▶ _RECORDS_:

··········

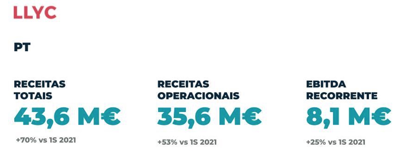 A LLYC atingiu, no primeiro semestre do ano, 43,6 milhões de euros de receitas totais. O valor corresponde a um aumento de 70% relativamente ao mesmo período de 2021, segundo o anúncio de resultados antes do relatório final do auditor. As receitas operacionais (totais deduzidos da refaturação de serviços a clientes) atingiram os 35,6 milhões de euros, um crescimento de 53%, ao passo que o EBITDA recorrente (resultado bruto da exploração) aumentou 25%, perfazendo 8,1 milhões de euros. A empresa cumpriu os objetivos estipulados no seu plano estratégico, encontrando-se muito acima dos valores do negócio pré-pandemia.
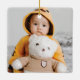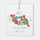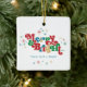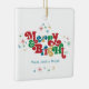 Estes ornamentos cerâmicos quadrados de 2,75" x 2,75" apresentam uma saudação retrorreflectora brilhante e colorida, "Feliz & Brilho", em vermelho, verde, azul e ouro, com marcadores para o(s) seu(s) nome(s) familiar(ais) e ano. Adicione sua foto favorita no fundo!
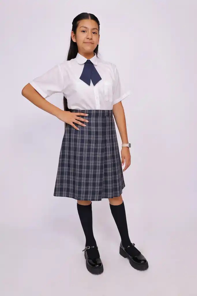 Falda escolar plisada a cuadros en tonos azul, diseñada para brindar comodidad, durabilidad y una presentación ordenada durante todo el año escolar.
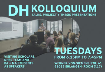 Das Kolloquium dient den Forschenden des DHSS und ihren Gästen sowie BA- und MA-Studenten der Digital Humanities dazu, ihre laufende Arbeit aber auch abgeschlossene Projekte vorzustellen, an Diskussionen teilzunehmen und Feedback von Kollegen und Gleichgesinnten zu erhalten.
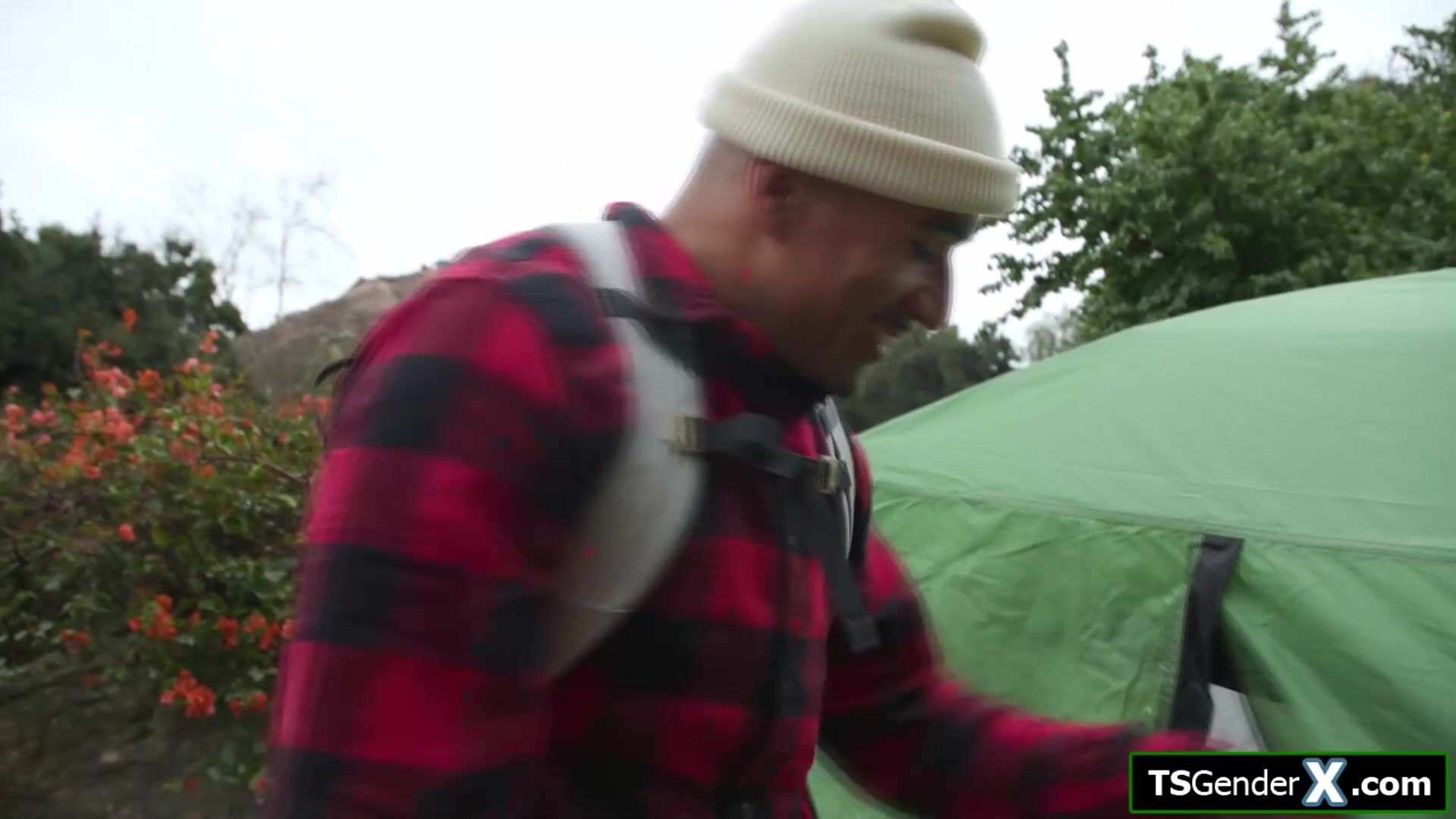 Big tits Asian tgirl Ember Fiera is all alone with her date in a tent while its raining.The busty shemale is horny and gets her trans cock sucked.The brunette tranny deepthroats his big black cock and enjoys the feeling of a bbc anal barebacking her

··········

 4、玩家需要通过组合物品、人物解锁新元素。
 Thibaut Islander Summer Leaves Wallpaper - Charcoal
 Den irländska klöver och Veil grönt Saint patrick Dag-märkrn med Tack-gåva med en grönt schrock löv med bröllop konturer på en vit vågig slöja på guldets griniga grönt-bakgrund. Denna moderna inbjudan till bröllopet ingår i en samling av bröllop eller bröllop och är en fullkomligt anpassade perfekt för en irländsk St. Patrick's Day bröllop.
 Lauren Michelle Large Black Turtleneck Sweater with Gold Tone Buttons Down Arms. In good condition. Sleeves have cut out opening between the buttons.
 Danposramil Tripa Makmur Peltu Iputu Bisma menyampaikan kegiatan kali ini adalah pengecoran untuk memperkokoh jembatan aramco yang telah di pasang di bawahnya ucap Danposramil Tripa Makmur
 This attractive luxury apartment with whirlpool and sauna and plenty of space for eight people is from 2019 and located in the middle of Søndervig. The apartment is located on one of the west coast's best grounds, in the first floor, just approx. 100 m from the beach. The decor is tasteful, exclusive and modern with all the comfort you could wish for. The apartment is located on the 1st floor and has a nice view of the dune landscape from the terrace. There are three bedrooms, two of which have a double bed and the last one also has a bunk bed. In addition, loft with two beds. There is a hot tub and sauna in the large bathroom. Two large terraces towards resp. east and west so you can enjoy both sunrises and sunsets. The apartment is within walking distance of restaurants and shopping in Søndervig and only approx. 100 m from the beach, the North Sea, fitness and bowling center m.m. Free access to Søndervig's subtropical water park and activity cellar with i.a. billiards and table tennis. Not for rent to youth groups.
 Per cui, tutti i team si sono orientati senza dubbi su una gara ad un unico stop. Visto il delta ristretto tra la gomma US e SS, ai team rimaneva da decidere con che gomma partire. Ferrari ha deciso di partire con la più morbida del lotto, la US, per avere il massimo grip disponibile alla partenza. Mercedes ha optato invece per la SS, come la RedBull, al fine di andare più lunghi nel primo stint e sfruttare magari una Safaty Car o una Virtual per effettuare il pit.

··········

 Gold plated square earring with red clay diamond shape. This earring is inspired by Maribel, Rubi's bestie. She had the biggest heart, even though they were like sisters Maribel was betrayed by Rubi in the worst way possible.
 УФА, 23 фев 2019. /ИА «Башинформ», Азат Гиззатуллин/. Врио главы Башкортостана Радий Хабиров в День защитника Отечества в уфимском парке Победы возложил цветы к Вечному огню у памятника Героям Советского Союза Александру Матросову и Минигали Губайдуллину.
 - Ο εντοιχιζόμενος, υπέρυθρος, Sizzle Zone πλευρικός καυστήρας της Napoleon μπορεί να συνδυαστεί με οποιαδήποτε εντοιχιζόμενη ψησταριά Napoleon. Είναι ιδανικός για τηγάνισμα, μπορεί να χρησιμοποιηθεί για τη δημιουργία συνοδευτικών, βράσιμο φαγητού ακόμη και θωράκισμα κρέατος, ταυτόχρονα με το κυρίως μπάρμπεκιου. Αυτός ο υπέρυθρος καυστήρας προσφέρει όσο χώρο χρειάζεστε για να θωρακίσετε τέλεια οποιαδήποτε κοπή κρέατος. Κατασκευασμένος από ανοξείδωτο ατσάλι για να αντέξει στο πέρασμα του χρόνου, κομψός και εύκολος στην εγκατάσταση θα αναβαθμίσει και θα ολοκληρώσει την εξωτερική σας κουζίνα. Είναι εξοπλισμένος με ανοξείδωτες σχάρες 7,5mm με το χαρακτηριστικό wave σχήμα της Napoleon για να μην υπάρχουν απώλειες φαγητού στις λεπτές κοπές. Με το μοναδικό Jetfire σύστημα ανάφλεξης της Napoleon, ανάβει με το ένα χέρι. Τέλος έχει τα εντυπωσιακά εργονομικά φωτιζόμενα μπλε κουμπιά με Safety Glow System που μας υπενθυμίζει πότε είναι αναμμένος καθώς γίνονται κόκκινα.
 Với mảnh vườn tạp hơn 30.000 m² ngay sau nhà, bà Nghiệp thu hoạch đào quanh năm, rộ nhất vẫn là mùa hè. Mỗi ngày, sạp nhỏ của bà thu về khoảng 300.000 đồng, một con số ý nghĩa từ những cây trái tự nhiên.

··········

▶ _DIRECTIONS_: Your reply is to repeat, unchanged, the lines above running from the one with "Lauren Michelle Large" up to and including the one with "Danposramil Tripa Makmur Peltu".

▶ _FINISHED EXERCISE_:
 Lauren Michelle Large Black Turtleneck Sweater with Gold Tone Buttons Down Arms. In good condition. Sleeves have cut out opening between the buttons.
 Danposramil Tripa Makmur Peltu Iputu Bisma menyampaikan kegiatan kali ini adalah pengecoran untuk memperkokoh jembatan aramco yang telah di pasang di bawahnya ucap Danposramil Tripa Makmur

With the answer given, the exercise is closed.